EXERCISE INSTRUCTIONS
Beginning at the line that contains "Materiál: žula (80", repeat each line exactly through the last one of the records below, and leave out the pictures.

RECORD EXCERPTS
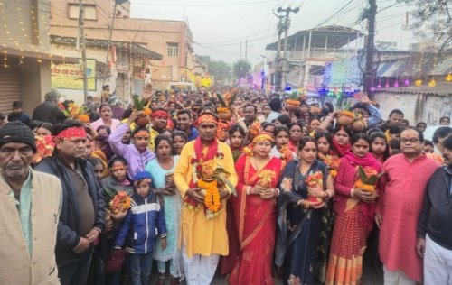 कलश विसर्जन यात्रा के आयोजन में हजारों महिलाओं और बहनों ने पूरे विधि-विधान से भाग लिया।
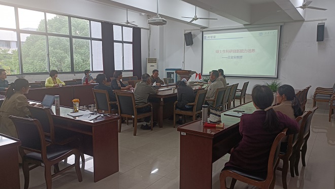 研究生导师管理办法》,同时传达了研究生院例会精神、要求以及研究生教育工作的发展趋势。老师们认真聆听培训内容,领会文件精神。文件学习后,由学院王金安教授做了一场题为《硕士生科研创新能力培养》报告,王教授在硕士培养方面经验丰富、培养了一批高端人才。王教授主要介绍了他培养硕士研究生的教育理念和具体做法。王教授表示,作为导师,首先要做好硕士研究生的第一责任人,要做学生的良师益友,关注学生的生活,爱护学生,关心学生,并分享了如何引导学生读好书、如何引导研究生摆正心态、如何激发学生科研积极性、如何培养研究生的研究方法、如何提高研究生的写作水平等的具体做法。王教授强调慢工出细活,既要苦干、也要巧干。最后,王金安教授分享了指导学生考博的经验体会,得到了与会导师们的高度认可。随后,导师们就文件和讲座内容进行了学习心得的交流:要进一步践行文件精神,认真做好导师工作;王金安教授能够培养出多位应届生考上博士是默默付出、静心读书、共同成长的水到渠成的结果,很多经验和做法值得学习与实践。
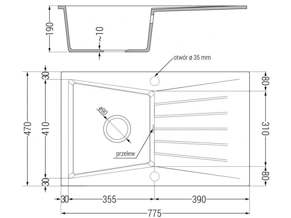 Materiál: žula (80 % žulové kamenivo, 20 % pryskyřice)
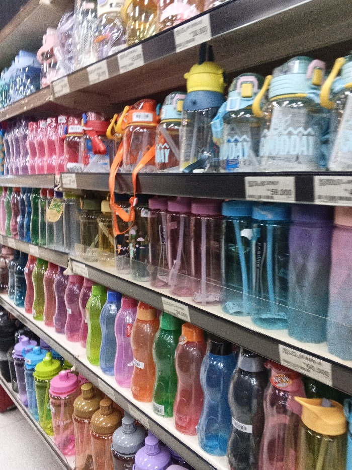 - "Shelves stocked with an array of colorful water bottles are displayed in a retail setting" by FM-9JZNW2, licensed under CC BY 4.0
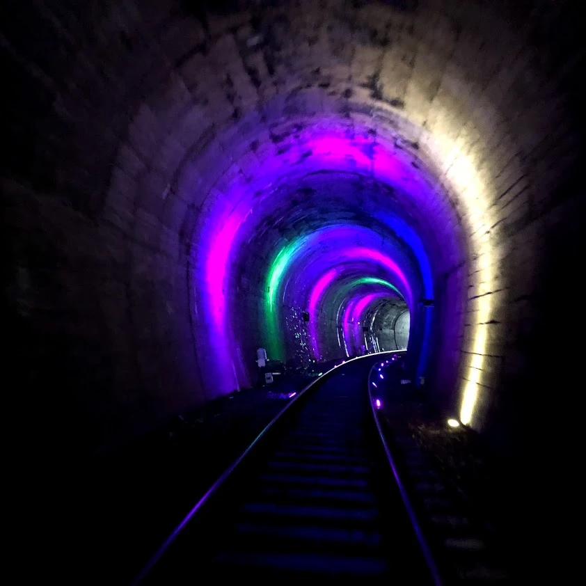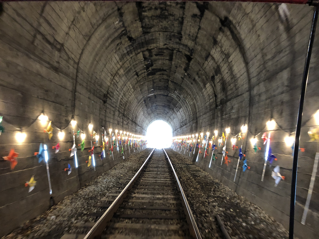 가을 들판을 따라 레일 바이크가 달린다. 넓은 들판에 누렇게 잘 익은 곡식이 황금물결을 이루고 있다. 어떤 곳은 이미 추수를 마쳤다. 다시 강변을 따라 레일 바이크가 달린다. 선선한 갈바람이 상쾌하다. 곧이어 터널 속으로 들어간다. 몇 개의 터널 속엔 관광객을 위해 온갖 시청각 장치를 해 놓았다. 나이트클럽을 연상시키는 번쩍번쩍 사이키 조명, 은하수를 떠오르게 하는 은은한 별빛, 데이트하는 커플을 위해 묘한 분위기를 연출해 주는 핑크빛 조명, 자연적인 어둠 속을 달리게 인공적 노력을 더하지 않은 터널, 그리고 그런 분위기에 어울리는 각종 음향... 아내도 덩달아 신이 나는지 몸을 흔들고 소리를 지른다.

EXERCISE RESPONSE
 Materiál: žula (80 % žulové kamenivo, 20 % pryskyřice)
 - "Shelves stocked with an array of colorful water bottles are displayed in a retail setting" by FM-9JZNW2, licensed under CC BY 4.0
 가을 들판을 따라 레일 바이크가 달린다. 넓은 들판에 누렇게 잘 익은 곡식이 황금물결을 이루고 있다. 어떤 곳은 이미 추수를 마쳤다. 다시 강변을 따라 레일 바이크가 달린다. 선선한 갈바람이 상쾌하다. 곧이어 터널 속으로 들어간다. 몇 개의 터널 속엔 관광객을 위해 온갖 시청각 장치를 해 놓았다. 나이트클럽을 연상시키는 번쩍번쩍 사이키 조명, 은하수를 떠오르게 하는 은은한 별빛, 데이트하는 커플을 위해 묘한 분위기를 연출해 주는 핑크빛 조명, 자연적인 어둠 속을 달리게 인공적 노력을 더하지 않은 터널, 그리고 그런 분위기에 어울리는 각종 음향... 아내도 덩달아 신이 나는지 몸을 흔들고 소리를 지른다.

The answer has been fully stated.